T
The420Guy
Guest
Shortly before his 90th birthday later this month and in honor of his
lifetime achievements, President Bush invited Nobel Laureate Milton
Friedman to the White House.
Calling him a "hero of freedom," Bush praised the economist's contributions
to American liberty, especially his advancement of "a moral vision: the
vision of a society where men and women are free, free to choose, but where
government is not as free to override their decisions."

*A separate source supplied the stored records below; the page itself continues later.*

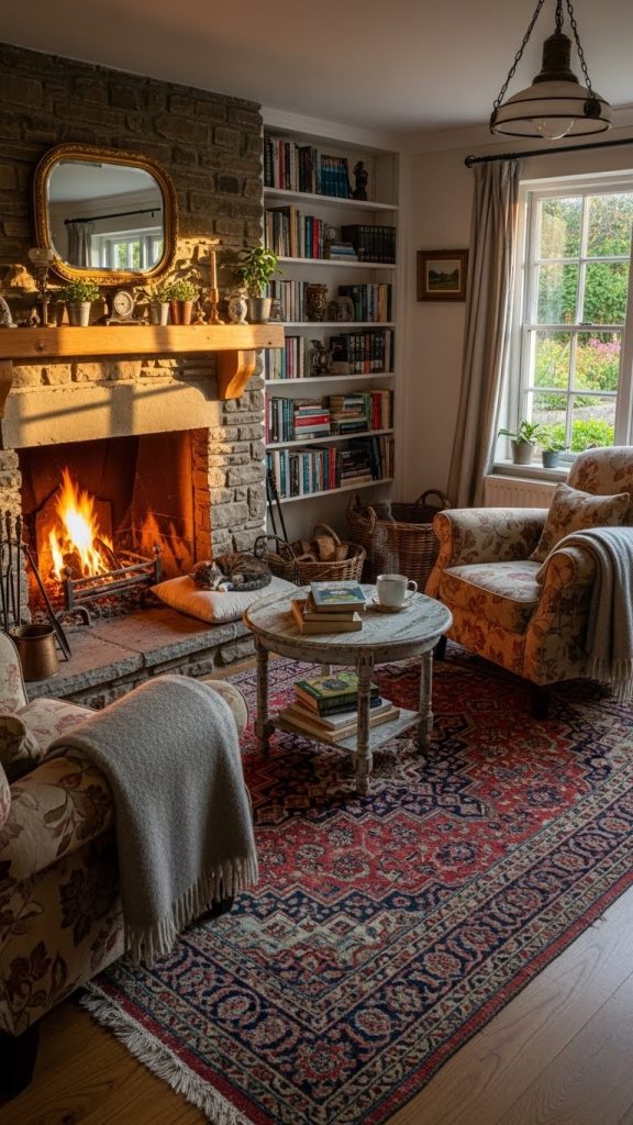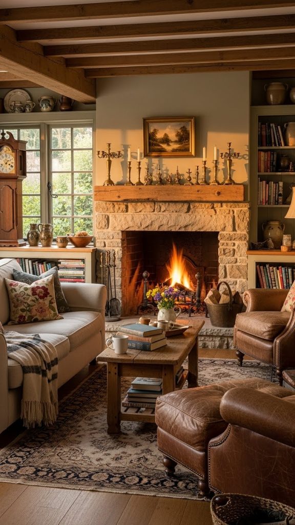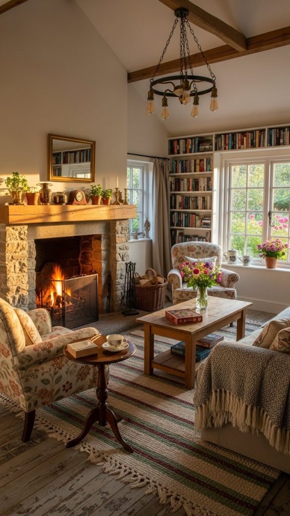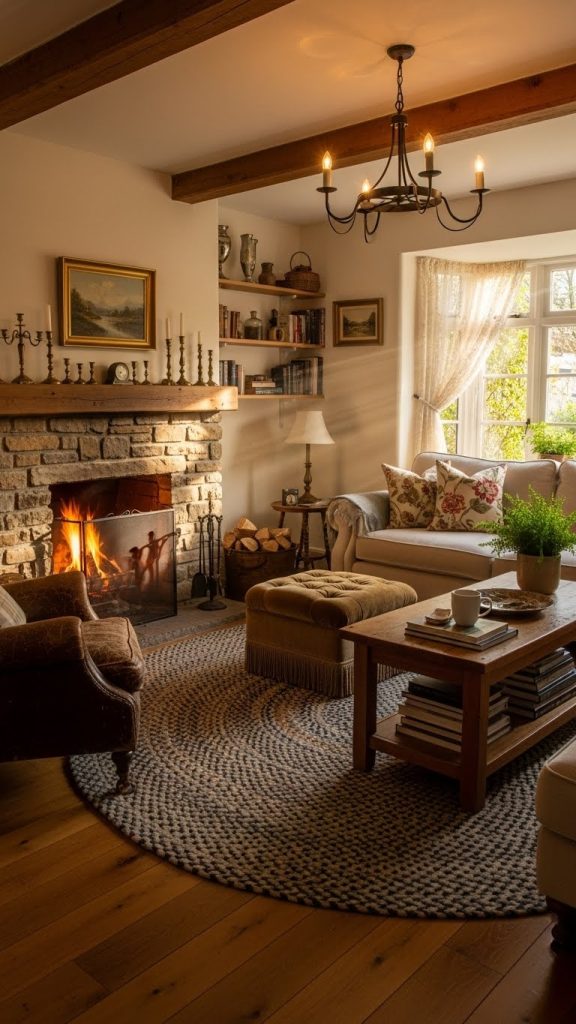 Fireplaces are often the heart of a cottage living room. They draw people in, creating a cozy spot to gather. The image shows a beautifully crafted stone fireplace, with a warm fire crackling inside. This setup invites relaxation and conversation.
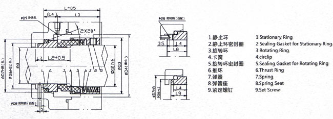用途:用于化工、石油化工、煉油、制冷、制藥、造紙、給排水、污水處理等工業(yè)泵類、反應釜、壓縮機等設備的旋轉軸密封,介質為水、油、有機溶劑及其它弱腐蝕性液體。
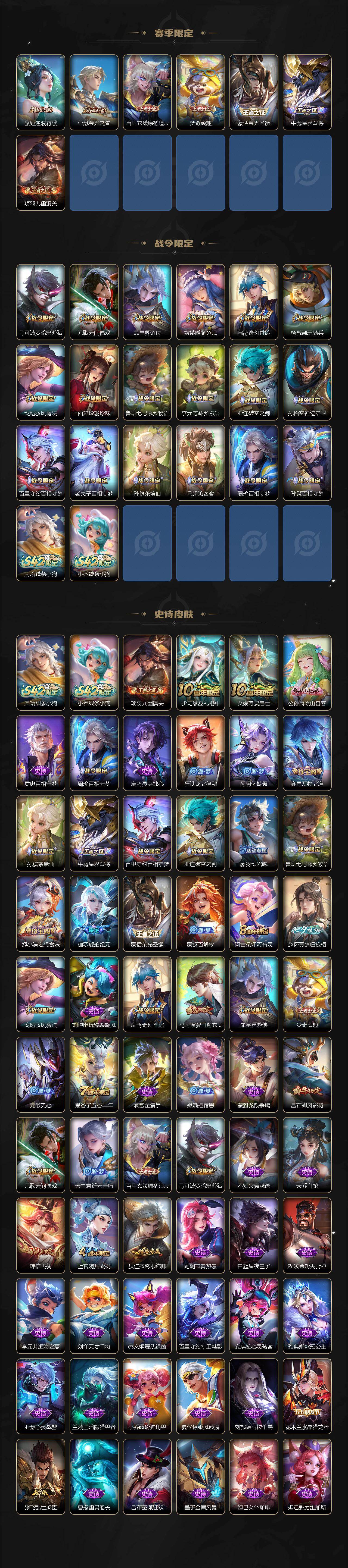 【限定皮肤】:蒙犽顽岩魄,姜子牙天穹之誓,杨戬破阵退雄兵,狄仁杰阴阳师,赵云皇家上将,高渐离玩趣恶龙,扁鹊奇幻香踪,吕布御风骁将,元歌云间偶戏,元歌无心,马可波罗暗影游猎,马可波罗山
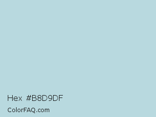 Hex #b8d9df Color is a light cyan color and the nearest color is Ziggurat #bfdbe2. Hex code #b8d9df and RGB value is rgb(184,217,223). In RGB color space, this color is composed of 72% red, 85% green, 87% blue, In CMYK color space, this color is composed of 17% cyan, 3% magenta, 0% yellow , 13% black , In HSL color space, this color has a hue angle of 189° , 38% saturation and 80% lightness.
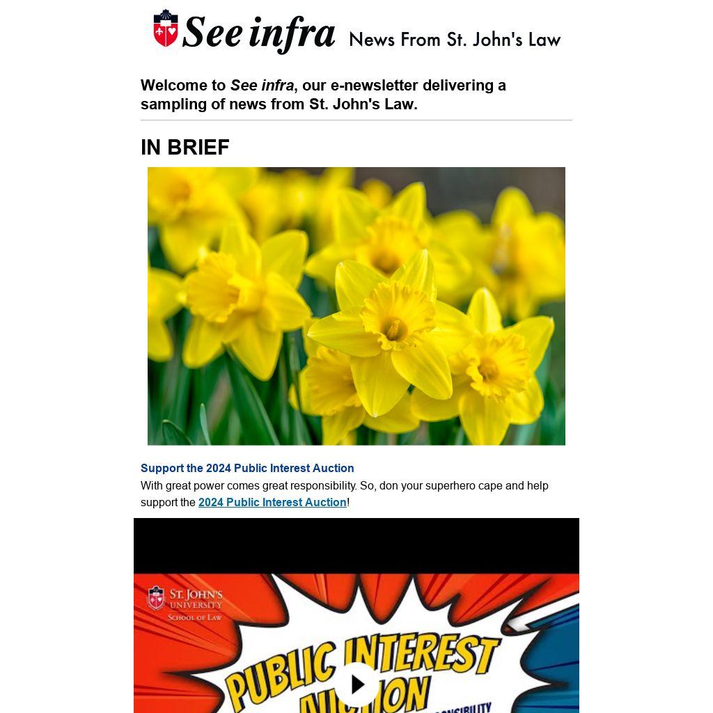Welcome to See infra, our e-newsletter delivering a sampling of news from St. John's Law. |
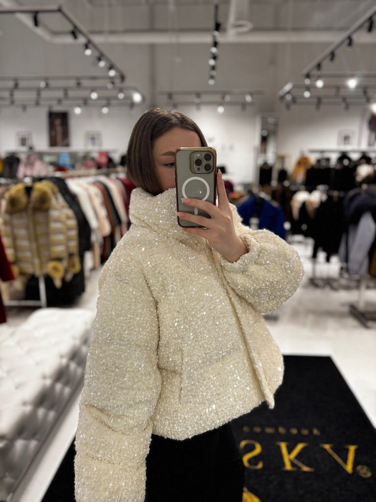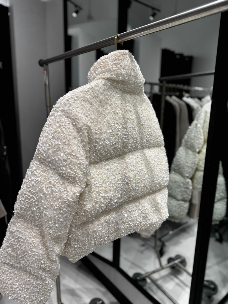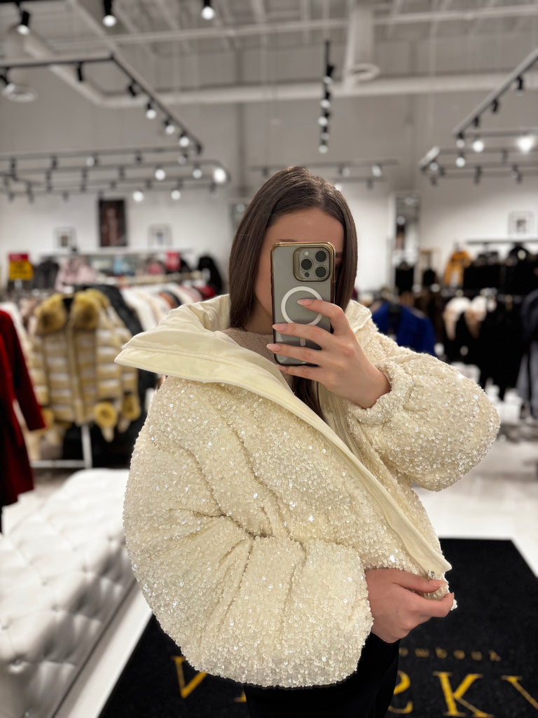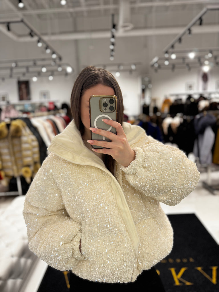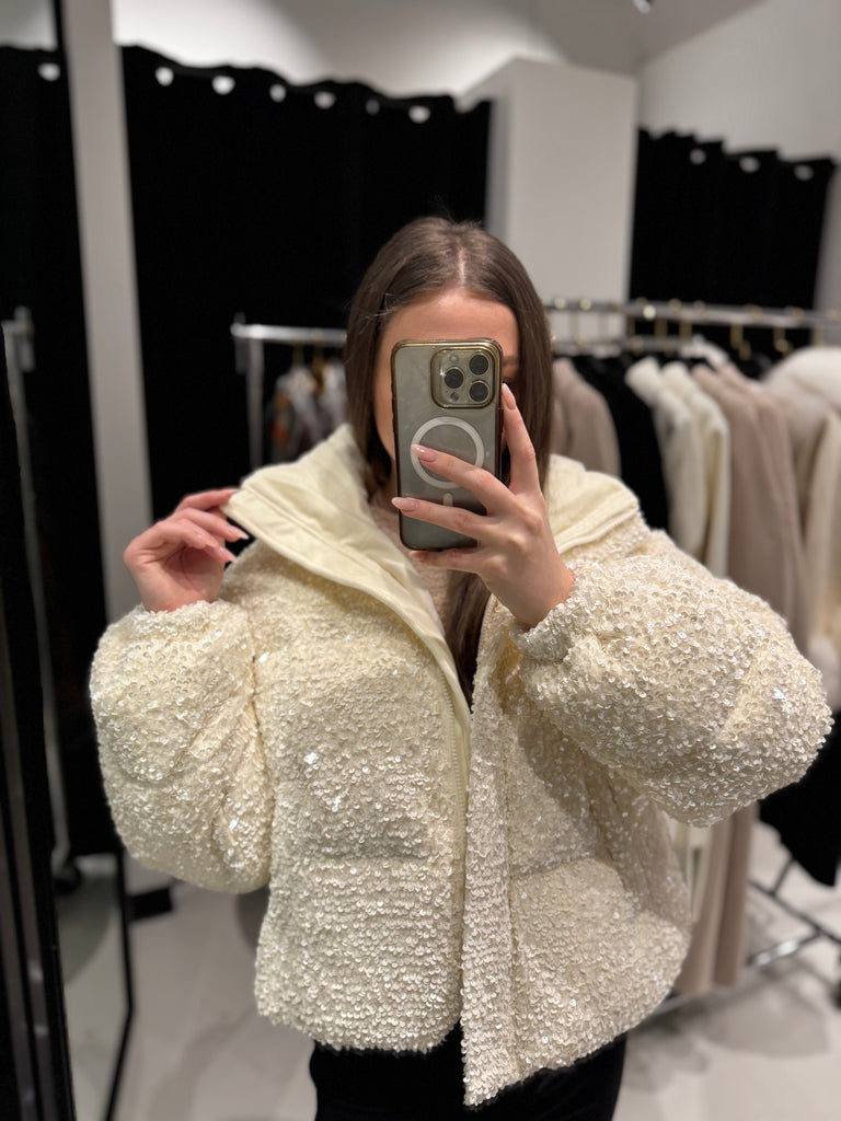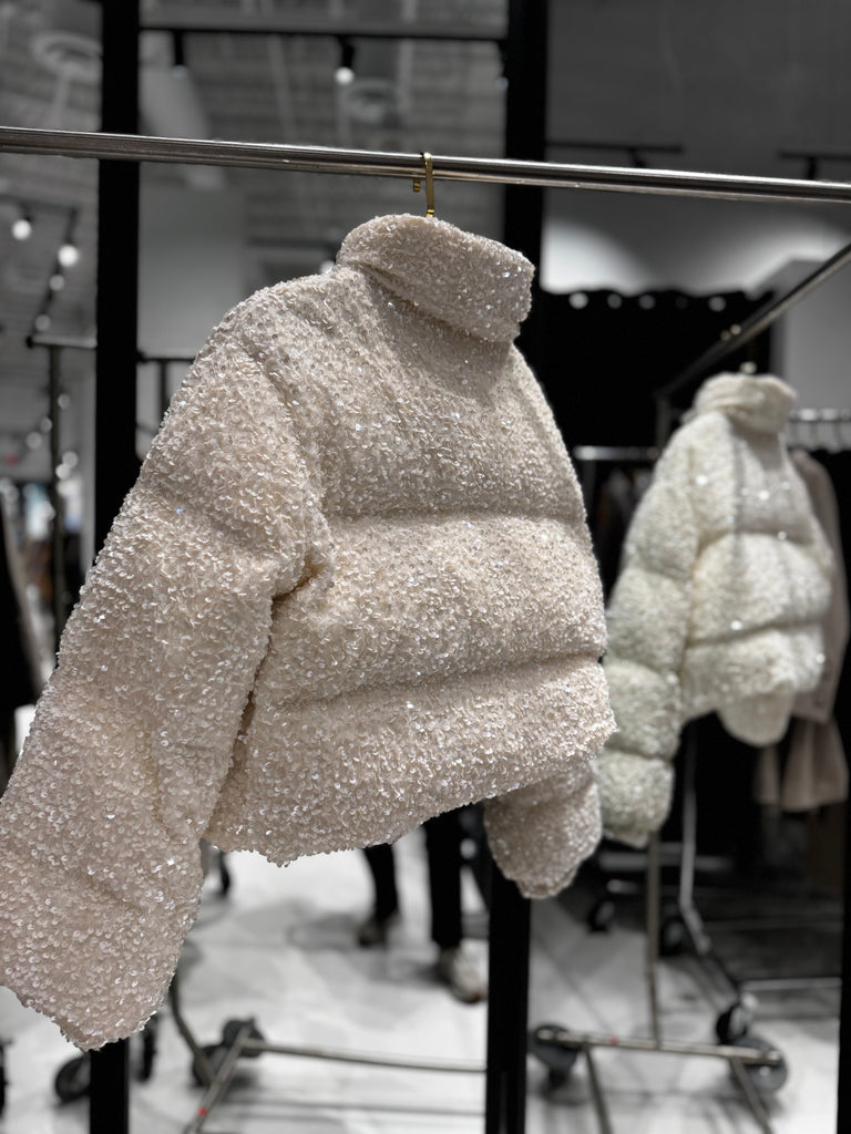 • Fully covered in iridescent sequins for a radiant, high-shine effect
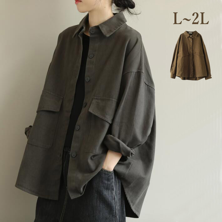ジャケット レディース 大きいサイズアウターシャツジャケットシャツコートライトビッグシルエット オーバーサイズ 春秋L2L
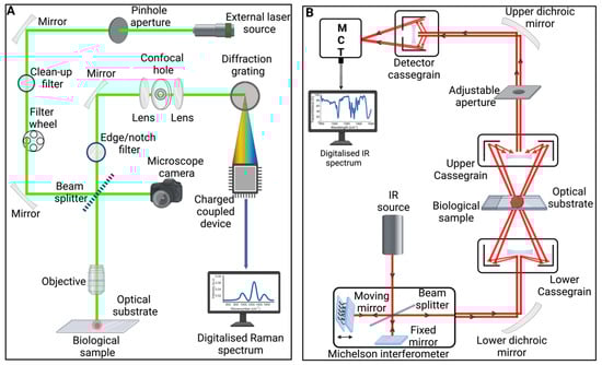 Schematic diagrams of the experimental set of a Raman (A) and FTIR (B) spectrometer.
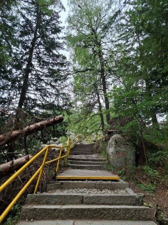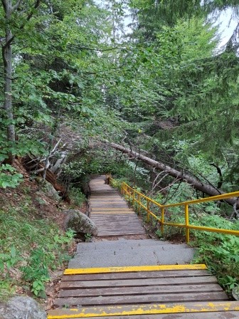 După ce am făcut niște fotografii de la baza râului de piatră, noi am continuat să urcăm pe lângă el pentru aproximativ 30 de minute. Cărarea este amenajată, cu scări și punți din lemn.
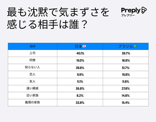 - - 日本人は特に「上司との沈黙」に気まずさを感じやすいことが判明。日本では、上司との円滑なコミュニケーションが重視されるため、沈黙が不安や緊張を生むことが多いようです。
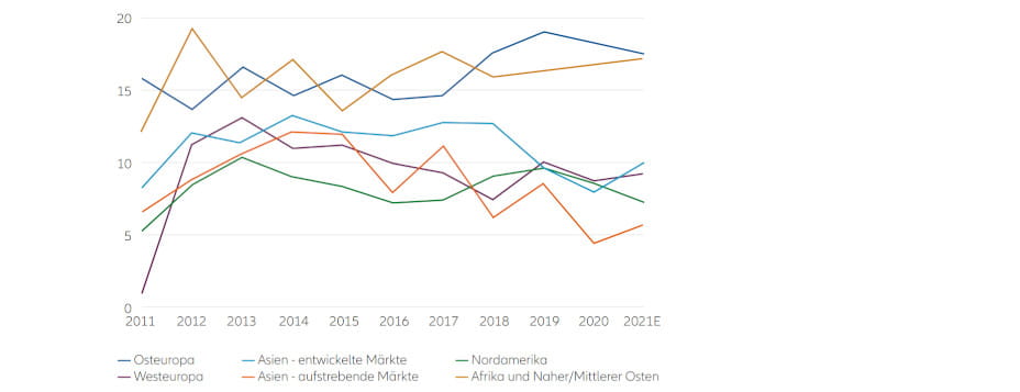 Die Rentabilität ist in mehreren Regionen gesunken Eigenkapitalrendite der Versicherer nach Regionen in %
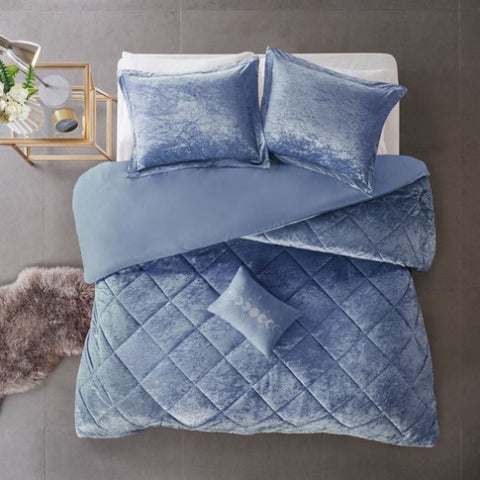 Create a luxuriously comfortable bedroom space with the Intelligent Design Felicia Velvet Duvet Cover Set. The periwinkle blue crushed velvet duvet cover features a quilted diamond top that adds dimension to the glamorous look. Matching shams (1 for Twin/Twin XL) coordinate with the velvet duvet cover, while an oblong decorative pillow provides a perfect finishing touch. Machine washable for easy care, this velvet duvet cover set brings incredible softness and comfort with a luxurious flair to your bedroom décor. Button closures allow you to place a comforter insert within the duvet cover and internal corner ties help prevent it from shifting (Insert is NOT included).
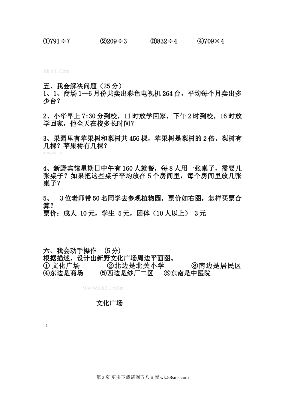 三年级数学下册期中测试卷班级:姓名:成绩:一、我会填空(24分)1、地图上是按上()下()左()右()绘制的。2、要使□64÷5的商是两位数,“□”中最大能填();要使664÷□的商是两位数,“□”中最小能...
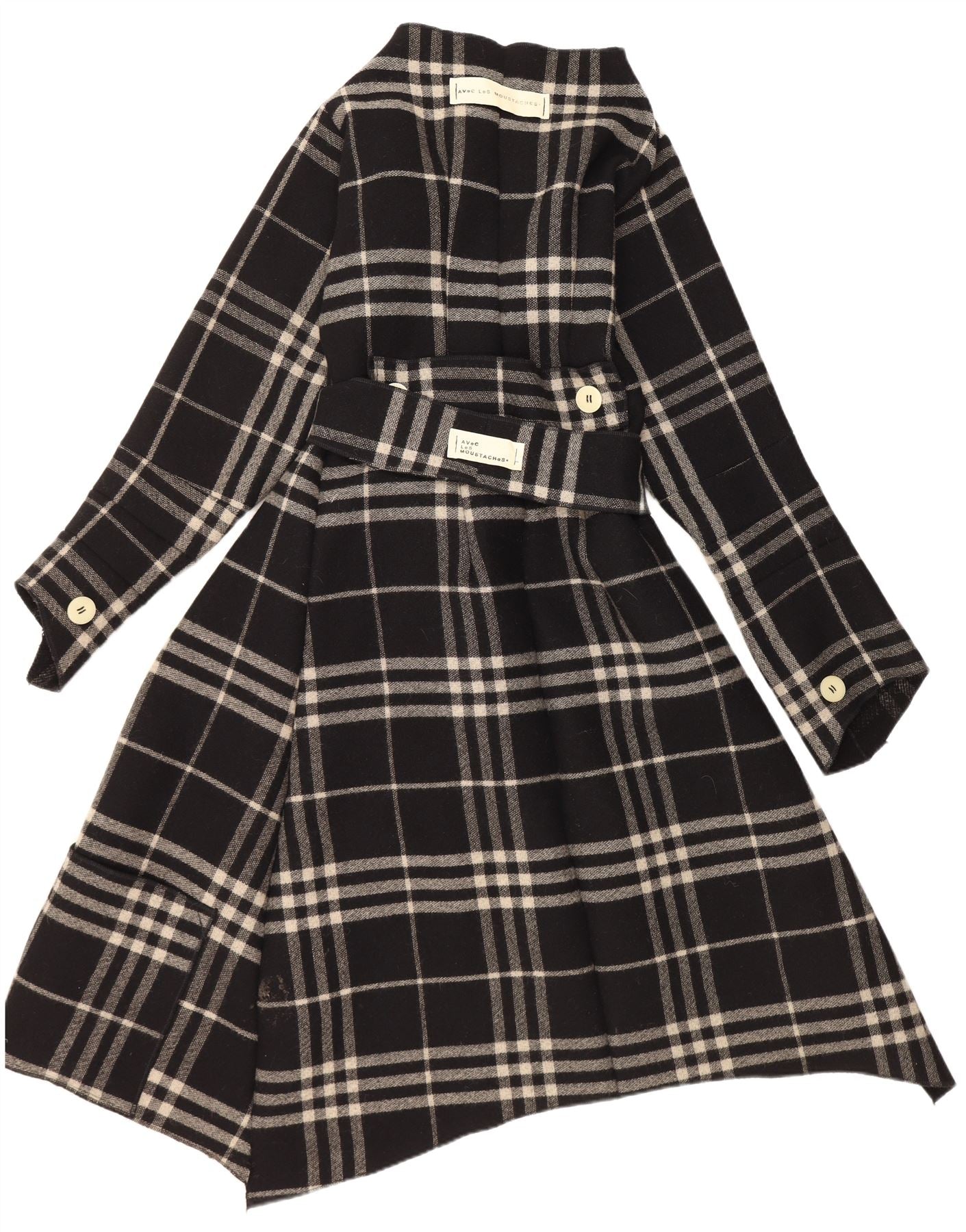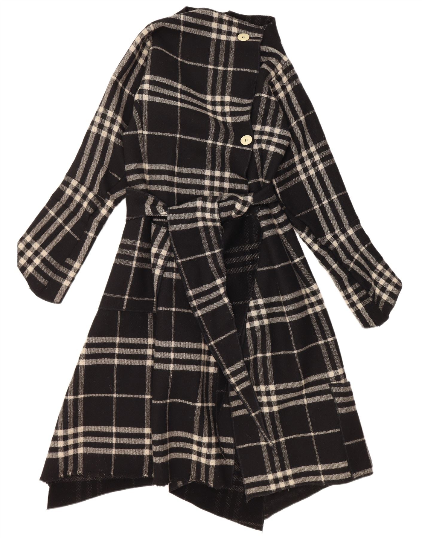VINTAGE Womens Asymmetric Overcoat UK 14 Medium Black Check

"Milton Friedman has shown us that when government attempts to substitute
its own judgments for the judgments of free people, the results are usually
disastrous."
To prove this right, conservatives must point no further than public
education, burdensome tax policy, bureaucratic red tape, and Social
Security. Few will, however, point to the drug war.
They should.
Ever since Nixon kick-started the war on drugs in 1972, Friedman has been a
vocal opponent of the policy. Yet conservatives, many of whom are
prohibition's biggest supporters, have covered their ears to Friedman's
objections. They fail to understand that the same motivating factors behind
his assaults on taxes and regulatory madness also support his decision to
oppose the drug war.
Friedman's argument against government meddling with pensions and cough
medicine is the same as pot and cocaine - the meddling usually provides
results worse than the problems, while expanding government at the expense
of citizens' freedoms.
How so? While the government may promise great things, it rarely delivers.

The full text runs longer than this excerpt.